§ **What this task involves**:
Excluding pictures, reproduce word for word the lines from the one containing "in Dundas Ontario" through the end of the material below.

§ **Provided data**:
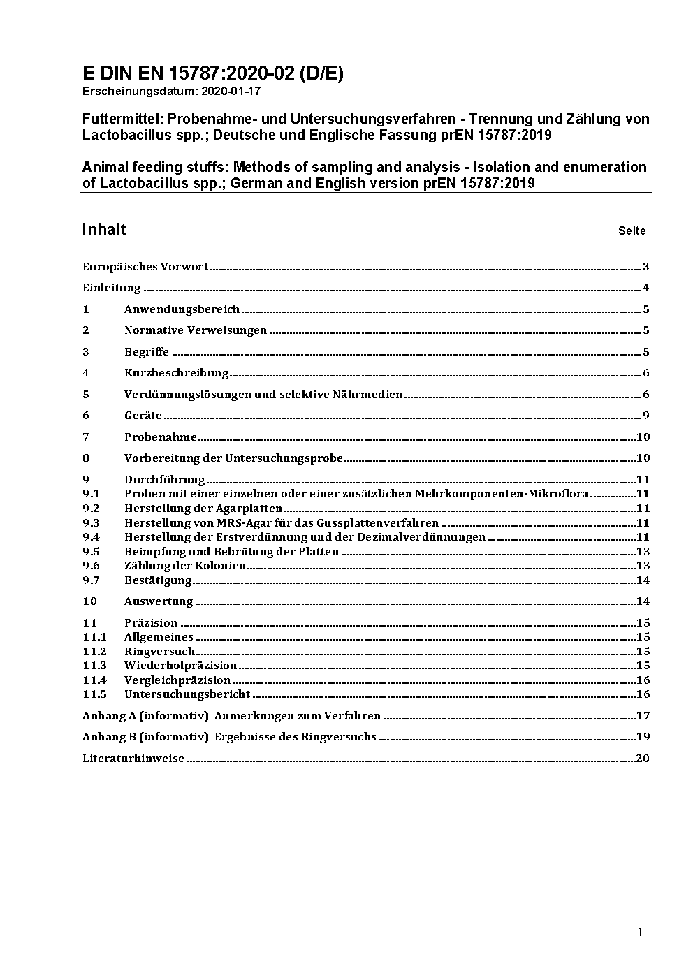 Futtermittel - Trennung und Zählung von Lactobacillus spp.; Deutsche Fassung prEN 15787:2008
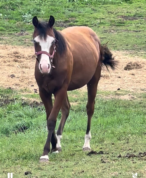 “Dakota” Sire: Spooks Gotta Whiz Dam: granddaughter of Smart Chic Olena (see papers below) Yearling going on two. Has had lots of handling and loves people. Lunges and has a saddle on his back. Very flashy. This little horse can scoot! Would make a fabulous reining or barrel racing prospect! $20,000 CANADIAN Located in Dundas Ontario
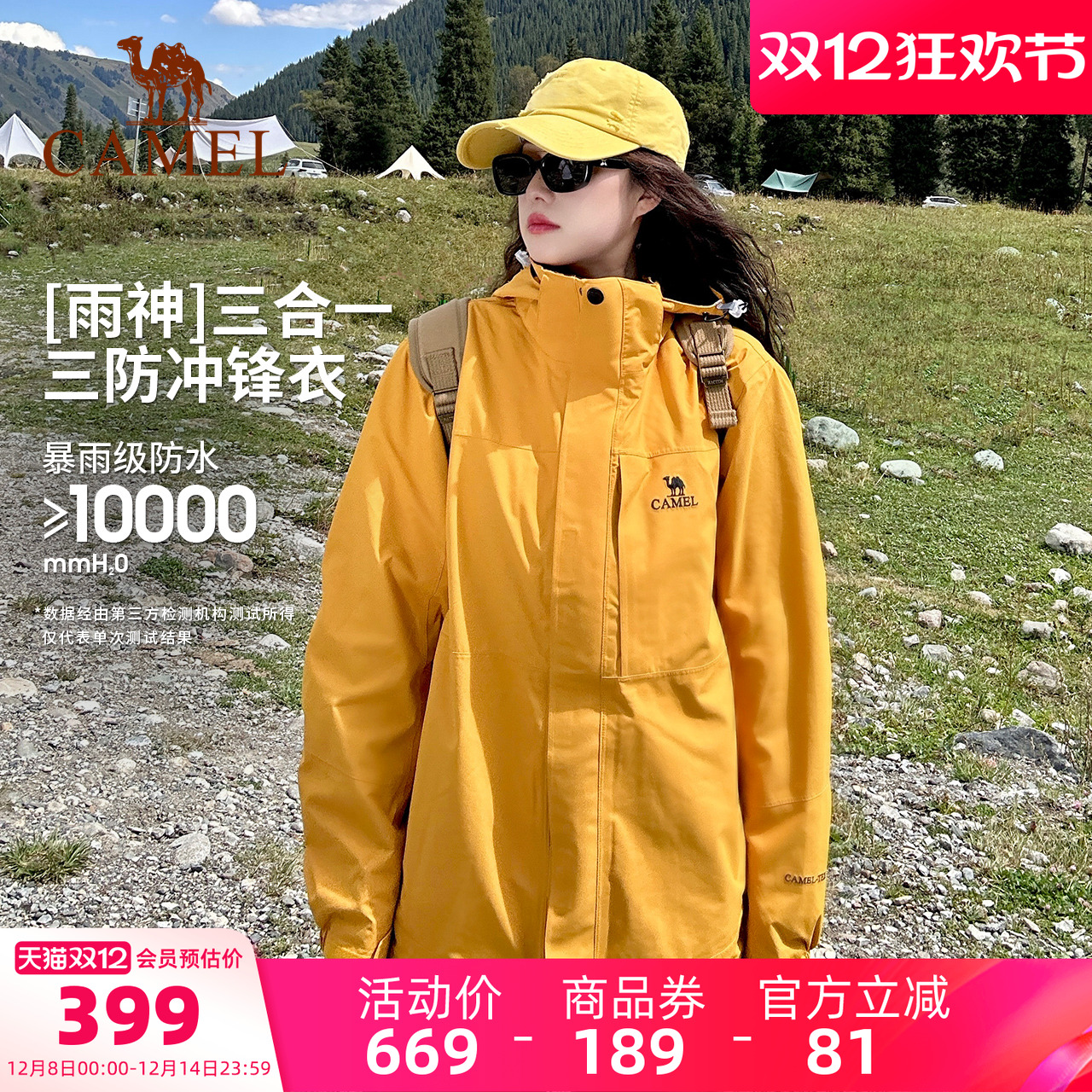 【谷子黄】骆驼冲锋衣男女冬季外套三合一防水户外进藏旅游登山服
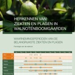 Brochure van het Herkennen van ziekten en plagen in walnotenboomgaarden met duidelijke foto's van waarnemingen en de perioden.

§ **The completed task**:
 “Dakota” Sire: Spooks Gotta Whiz Dam: granddaughter of Smart Chic Olena (see papers below) Yearling going on two. Has had lots of handling and loves people. Lunges and has a saddle on his back. Very flashy. This little horse can scoot! Would make a fabulous reining or barrel racing prospect! $20,000 CANADIAN Located in Dundas Ontario
 【谷子黄】骆驼冲锋衣男女冬季外套三合一防水户外进藏旅游登山服
 Brochure van het Herkennen van ziekten en plagen in walnotenboomgaarden met duidelijke foto's van waarnemingen en de perioden.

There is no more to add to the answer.